EU ETS for Maritime Shipping: What Should Businesses Do Now?
English - Ngày đăng : 08:00, 10/11/2025

Emissions to Be Purchased from 2025 to 2027
The EU formally extended the EU ETS to maritime transport in 2024, creating a rising obligation to purchase and surrender carbon allowances (EUAs). Specifically: by September 2025, companies must surrender EUAs equal to 40% of 2024 emissions; by September 2026, 70% of 2025 emissions; and from 2027 onward, 100%. This obligation applies to ships ≥5,000 GT on voyages involving EU/EEA ports, based on MRV-verified reports.

Under the implementation guidance, the compliance cycle consists of monitoring–reporting–verification (MRV) for the calendar year. In practice, the first industry-wide “ETS payment day” for maritime concentrated on 30/09/2025, driven by EUA volumes derived from 2024 emissions data already submitted on the MRV platform.
At its core, ETS creates a real, invoice-level carbon cost. In addition to traditional fuel and operating costs, operators and shippers must add an EUA cost stream for every lane and vessel. The ETS currently covers around 40–45% of total EU emissions and the cap-tightening path to 2030 is accelerating—making EUA price swings a key risk factor over the next 12–24 months.
Cash Flow and Hedging Carbon Price Risk
The first task is the carbon budget. Many companies have set up a quarterly EUA Budget for 2025–2027 based on: (i) operating output (lanes, sailings, loads), (ii) forecast emissions intensity by vessel, (iii) the share of EU/EEA-related routes, and (iv) EUA price bands (low–medium–high). At minimum, build a carbon cash-flow calendar that specifies when to pre-purchase and how much—while preserving operating liquidity.
The second task is hedging. Companies can use EUA derivatives (futures on EEX/ICE, options, swaps) to lock in part of the price and bring budget certainty. Methodologically, many studies recommend risk models such as VaR/EVT to estimate tail losses when EUA prices move sharply, and combining carbon-bunker hedges to manage the “dual” risk of fuel and carbon. For SMEs, execution via risk agents/brokers can help minimize transaction costs.
The third task is contracting and risk sharing. In transport/3PL contracts, separate a Carbon Cost Clause: (i) clearly define the EU ETS (EUA) component distinct from other surcharges; (ii) set a transparent pass‑through mechanism by lane–vessel–period; (iii) specify EUA price bands that trigger renegotiation if breached; and (iv) include a quarterly true‑up schedule to adjust for EUA shortfalls/overages. Attach an evidence pack (voyage–bunker–emissions data trail) to enable reconciliation.
Build a purchase ladder with 3-4 steps across prices and time (D‑90/D‑60/D‑30/D‑7), prioritizing 60–70% of needs locked before the deadline, with the balance left flexible depending on market conditions. For SMEs, pooling demand via buying alliances or broker mandates can cut transaction costs and the retail mark‑up.

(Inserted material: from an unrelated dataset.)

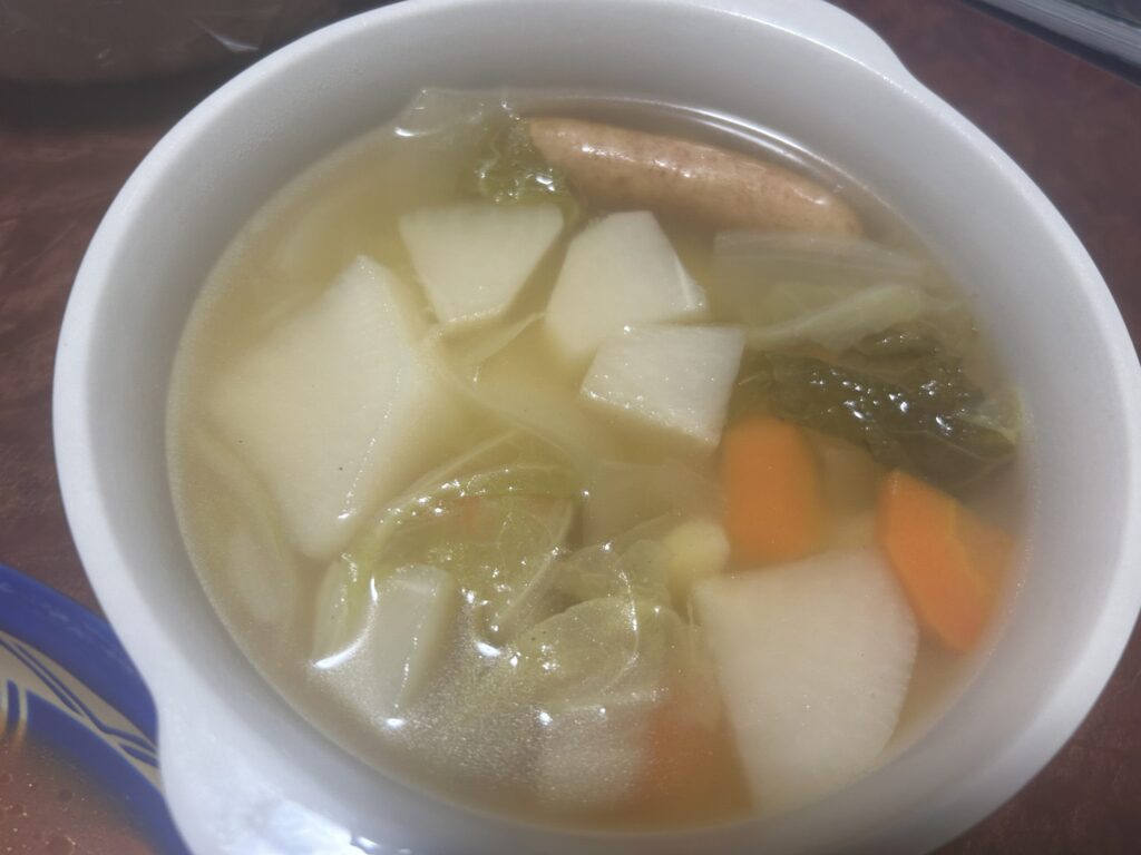 ・白菜、ニンジン、じゃがいも、玉ねぎの野菜とコンソメをいれて圧力鍋で煮るだけ

MRV Data and Reconciliation with Carriers
Maritime EU ETS stands on MRV: measured–reported–verified data is the basis for final EUA obligations. Companies should standardize a Monitoring Plan for each vessel (or require it from carriers/agents), agree on the measurement method (fuel‑based vs. direct), and lock verification workflows with an accredited verifier. From 2025, MRV scope is being extended in stages to smaller vessels, increasing the data‑management burden for supply chains with diverse fleets.
For reconciliation, set up a lane‑level ETS ledger: link each shipment to vessel–voyage–port, and match fuel data, auxiliary‑engine time at berth, AIS tracks and emission factors. ETS surcharges invoiced by carriers should include a documented evidence chain; otherwise, service buyers have grounds to request adjustments. Small errors in emissions intensity can inflate into significant costs when multiplied by EUA volumes.
Finally, the surrender process. Ensure your Union Registry account holds sufficient EUAs for the previous year’s verified emissions before the deadline. Leaving surrender to the last minute increases operational risk (market congestion, delayed EUA transfers), especially in early years when the whole industry converges on the same date.
Set up a Carbon Control Tower: (i) an ETA dashboard for EUA obligations coming due, (ii) alerts for funding/EUA shortfalls, (iii) synchronization of contracts, the MRV plan, and the EUA purchasing plan, and (iv) “Plan B” scenarios for sharp EUA market volatility. A control-tower mindset treats ETS as real cash flows and real risk - not merely another surcharge.

EU ETS for maritime is no longer a “policy shadow” but a clear cash‑flow and legal obligation already in force since 30/09/2025. Early movers will stay in control: with a defined carbon budget, structured price‑risk hedging and MRV‑grade data to reconcile invoices. In this new game, the advantage goes to those who measure right - buy right - surrender right, turning carbon from a shock into a manageable variable.